Concrete examples of these improvements include the division of the previously complex and confusing ‘Entry page’ into eight separate, cross-referenced pages. Each page is clearly named, so users can easily find the content they require, without having to wade through irrelevant detail. Graphical elements have been employed to provide contextual clues, including icons representing proteins, member database signatures and InterPro entries, with the latter having different icons to represent protein families, domains, sites and repeats. This simple change has had a demonstrably positive impact, allowing users to identify the entities presented on the interface with greater ease and speed.The entry ‘overview’ page is illustrated in Figure 1.

Figure 1.
The ‘Overview' page on the new set of InterPro entry pages, including the family hierarchy for this entry, an extensive description of the family and cross references to three GO terms that are associated with this family. In this case, the entry ...

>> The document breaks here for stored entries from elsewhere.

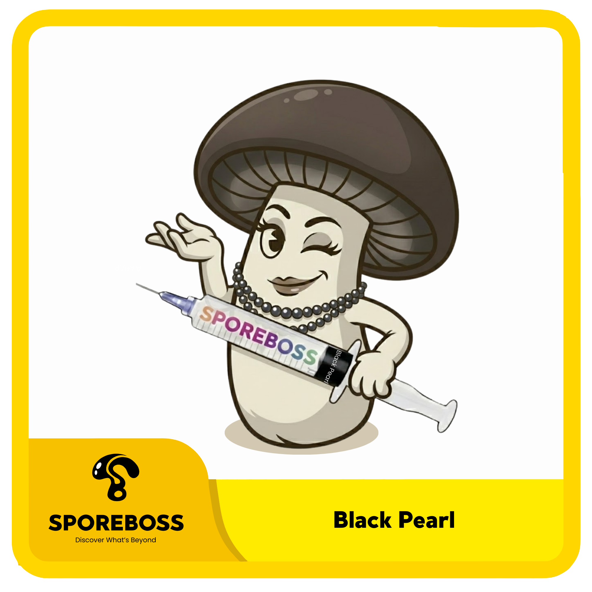 Black Pearl is a dark-toned cubensis strain known for developing deep gray to near-black shading as bruising sets in. It is believed to descend from Penis Envy-style genetics, selected for dramatic coloration and dense growth.
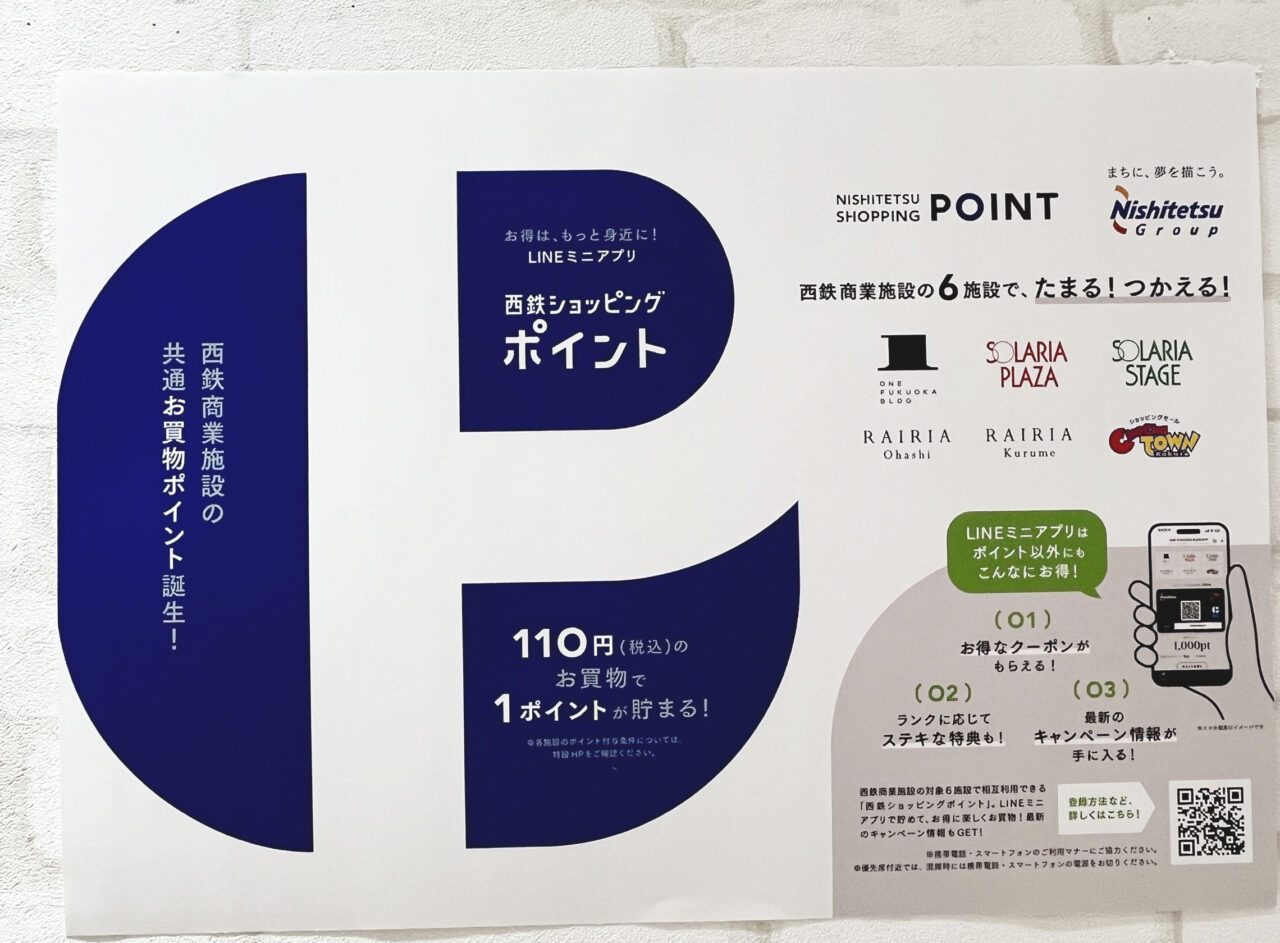 西鉄が運営する商業6施設でたまる! 「西鉄ショッピングポイント」のサービスが2025年12月1日よりスタートしているのをご存知ですか。(ワンビルでは導入済み)
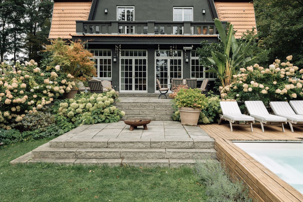 Zum Grundstück gehören neben der Terrasse und dem Pool auch ein Spielplatz, ein Steg mit direktem Seezugang (Seegrundstück) sowie ein altes Bootshaus. Die Außenflächen bieten verschiedene Blickachsen und naturnahe Motive.
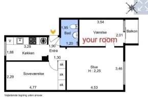 Rent is 4000 kr. pr. m. (everything included, also Wi Fi).
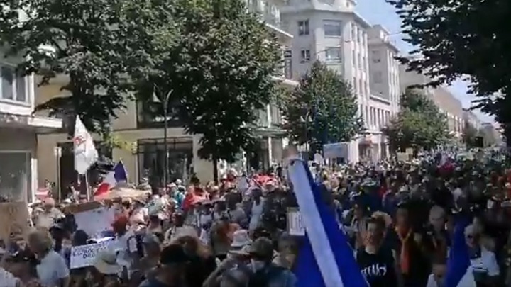 U nešto manjem broju nego prošle sedmice, protivnici kovid potvrda i obavezne vakcinacije protiv koronavirusa mirno su protestovali u subotu u Francuskoj, protiveći se eventualnom vakcinisanju svoje dece i unučadi, koje nije predviđeno.
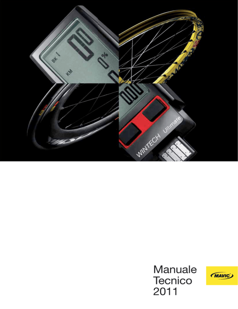 Manuale Tecnico 2011 2 2011 WWW.TECH-MAVIC.COM SOMMARIO 03 WWW.TECH-MAVIC.COM 04>26 04 05 06 07 08 09 10 11 12 13 14 15 16 17 18 19 20 21 22 23 24 25 26 27 RUOTE MAVIC® iO TRACK 11 COMÈTE TRACK 11 ELLIPSE 11 COMÈTE ROAD 11 COSMIC CARBONE ULTIMATE 11 COSMIC CARBONE 80 COSMIC CARBONE SLR 11 COSMIC CARBONE SR COSMIC CARBONE SL 11 COSMIC ELITE 11 R-SYS SLR TUBOLARE R-SYS SLR COPERTONCINO KSYRIUM SLR FRONT TUBOLARE KSYRIUM SLR FRONT COPERTONCINO KSYRIUM SR KSYRIUM SL 11 KSYRIUM ELITE 11 KSYRIUM EQUIPE 11 CROSSTRAIL DISC 11 CROSSRIDE DISC 11-15 MM CROSSRIDE DISC 11 INTL CROSSRIDE DISC 11 CL CROSSRIDE UB DISC 11 CROSSRIDE UB 11 28 29>34 30>31 32>33 34 PRECISAZIONI IMPORTANTI SUI CERCHI EXALITH® MANUTENZIONE DELLE RUOTE 2011 RAGGIATURA / CUSCINETTI MOZZO / REGOLAZIONE DEL GIOCO / NUOVO COPERCHIO SOSTITUZIONE DEGLI ADESIVI 35>37 ATTREZZI QUESTO DOCUMENTO RIGUARDA ESCLUSIVAMENTE LE NOVITÀ 2011. QUESTO DOCUMENTO E’ UN AGGIORNAMENTO DELLE VOSTRE INFORMAZIONI TECNICHE E DEVE ESSERE QUINDI CONSERVATO ACCURATAMENTE, SENZA LIMITI DI TEMPO, CON I MANUALI DEGLI ANNI PRECEDENTI. TUTTE LE INFORMAZIONI RIGUARDANTI I PRODOTTI GIA PRESENTI NELLE GAMME PRECEDENTI SI TROVANO NEI MANUALI TECNICI PUBBLICATI A PARTIRE DAL 1997. POTETE VISITARE IL SITO INTERNET WWW.TECH-MAVIC.COM PER RITROVARE L’INSIEME DELLE EDIZIONI DI QUESTO MANUALE A PARTIRE DAL 1997. 3 www.tech-mavic.com Questo sito (in francese, inglese, tedesco, spagnolo, italiano e giapponese) è dedicato interamente a voi. Di accesso facile e di semplice utilizzo (permette di scaricare documenti PDF), questo sito vi permette di consultare l’insieme delle informazioni contenute nei nostri manuali tecnici a partire dal 1997. All’indirizzo: www.tech-mavic.com troverete tutte queste informazioni. Per connettervi avrete bisogno di un identificativo (login) e di una parola chiave (password): Identificativo : mavic-it Parola chiave : dettaglianti Troverete in questo sito: • tutti i dettagli tecnici sulla totalità dei prodotti Mavic commercializzati a partire dal 1997, ruote, cerchi, componenti, divisi per disciplina e per prodotto; • 4 tabelle riassuntive per lunghezze e codici dei raggi di tutte le nostre ruote, che vi aiuteranno a gestire meglio il vostro stock di raggi; • un programma di calcolo per la lunghezza dei raggi: partendo da un dato cerchio Mavic, scegliete la foratura, il tipo di incrocio, la battuta del vostro mozzo,così come il diametro delle flange, le distanze tra flange e gli appoggi per telaio e forcella; la lunghezza dei raggi corrispondente al vostro montaggio sarà automaticamente calcolata. Speriamo che questo strumento possa rispondere alle vostre attese. Non esitate a segnalarci i suoi eventuali malfunzionamenti e a consigliare i possibili miglioramenti che vorreste vedere apportati nel futuro. 4 iO Track 11 Utilizzo : ruota esclusivamente anteriore da utilizzare esclusivamente su di una bicicletta da pista. Qualsiasi altro utilizzo (come su di una bicicletta da corsa, un tandem, una bicicletta da ciclo-cross, in fuori strada) è vivamente sconsigliato e fatto sotto esclusiva responsabilità dell’utente, comportando il decadimento della garanzia Mavic. Peso massimo consigliato per il ciclista ed il suo equipaggiamento : 100 kg. PESO RUOTE SENZA VITE DI FISSAGGIO CODICI RUOTE Anteriore Anteriore 750g Ø FORO VALVOLA SEZIONE DI TUBOLARE CONSIGLIATA Ø : 6,5 mm Lungh. : ≥ 32 mm Dimensioni : Ø 700 633 mm Soltanto tubolare / Sezione consigliata : da 18 a 21 mm MOZZO 111 554 10 MANUTENZIONE : Pulizia con uno straccio asciutto o, se necessario, con acqua e sapone. Evitare il lavaggio ad alta pressione M40124 M40131 M40130 ACCESSORI • Vite di fissaggio M40124 • Borsa • Istruzioni ruota RUOTE FORNITE CON : MANUTENZIONE Regolazione dei cuscinetti Vedere MT 2011 pag. 31 5 COMÈTE Track 11 Utilizzo : ruota esclusivamente posteriore da utilizzare esclusivamente su di una bicicletta da pista. Qualsiasi altro utilizzo (come su di una bicicletta da corsa, un tandem, una bicicletta da ciclo-cross, in fuori strada) è vivamente sconsigliato e fatto sotto esclusiva responsabilità dell’utente, comportando il decadimento della garanzia Mavic. Peso massimo consigliato per il ciclista ed il suo equipaggiamento : 100 kg. Ø FORO VALVOLA CODICI RUOTE Posteriore Posteriore 980g 111 549 13 SEZIONE DI TUBOLARE CONSIGLIATA Dimensioni : Ø 700 633 mm Soltanto tubolare / Sezione consigliata : da 18 a 21 mm Ø : 6,5 mm Lungh. : ≥ 32 mm MOZZO PESO RUOTE SENZA DADO DI SERRAGGIO MANUTENZIONE : Pulizia con uno straccio asciutto o, se necessario, con acqua e sapone. Non utilizzare in alcun caso prodotti solventi. Evitare il lavaggio ad alta pressione. M40772 M40129 M40128 ACCESSORI • Dadi di serraggio M40772 • Borsa • Istruzioni ruota RUOTE FORNITE CON : MANUTENZIONE SOSTITUZIONE DELL’ASSE E DEI CUSCINETTI 1. Con 2 chiavi piatte da 15 mm, svitate le viti di fine asse. Una sola delle 2 deve svitarsi dall’asse per permettere a quest’ultimo di uscire dal mozzo; 2. Per smontare la 2° vite di fine asse, inserite una chiave a brugola da 5 mm all’interno dell’asse dal lato opposto alla vite di fine asse restante, mantenete ferma la vite di fine asse con una chiave piatta da 15 mm e svitate l’insieme; 3. Estraete i cuscinetti e rimontate i nuovi; 4. Ripetete la procedura 1 qui sopra all’inverso. 6 ELLIPSE 11 Utilizzo : da utilizzare esclusivamente su di una bicicletta da pista. Qualsiasi altro utilizzo (come su di una bicicletta da corsa, un tandem, una bicicletta da ciclo-cross, in fuori strada) è vivamente sconsigliato e fatto sotto esclusiva responsabilità dell’utente, comportando il decadimento della garanzia Mavic. Peso massimo consigliato per il ciclista ed il suo equipaggiamento : 100 kg. CODICI COMMERCIALI CERCHI PESO RUOTE SENZA DADI DI SERRAGGIO CODICI RUOTE Anteriore Posteriore Anteriore Posteriore Coppia SEZIONE DI PNEUMATICO CONSIGLIATA Dimensioni : ETRTO 622 x 15C Sezione di pneumatico consigliata : da 19 a

Users can now search InterPro directly with a protein sequence by pasting the sequence into the text area provided on the home page. InterPro then performs a fast look-up of proteins for which matches have already been calculated. If the sequence is available in InterPro, the user is taken to the new protein page directly. If the sequence is not present in InterPro, it is submitted automatically to the InterProScan service, which returns results once the analysis is complete. Tighter integration of these two search services is currently being developed to ensure that users are presented with results in the same way by both InterPro and InterProScan. This improvement will be included in the final released version of the new InterPro Website.

InterProScan 5

Over the last 3 years, InterProScan has been completely re-written using the Java programming language. The new InterProScan is now available as a beta release (version 5beta2) for public evaluation and comment; details of how to obtain and install it can be found at http://code.google.com/p/interproscan/wiki/RunningStandaloneInterProScan5. The new version exploits modern, stable Java technologies. A major focus of development has been to improve both the reliability and the scalability of InterProScan to allow it to support large-scale, high-throughput sequence analysis. The final version will be easy to download and install on a variety of platforms.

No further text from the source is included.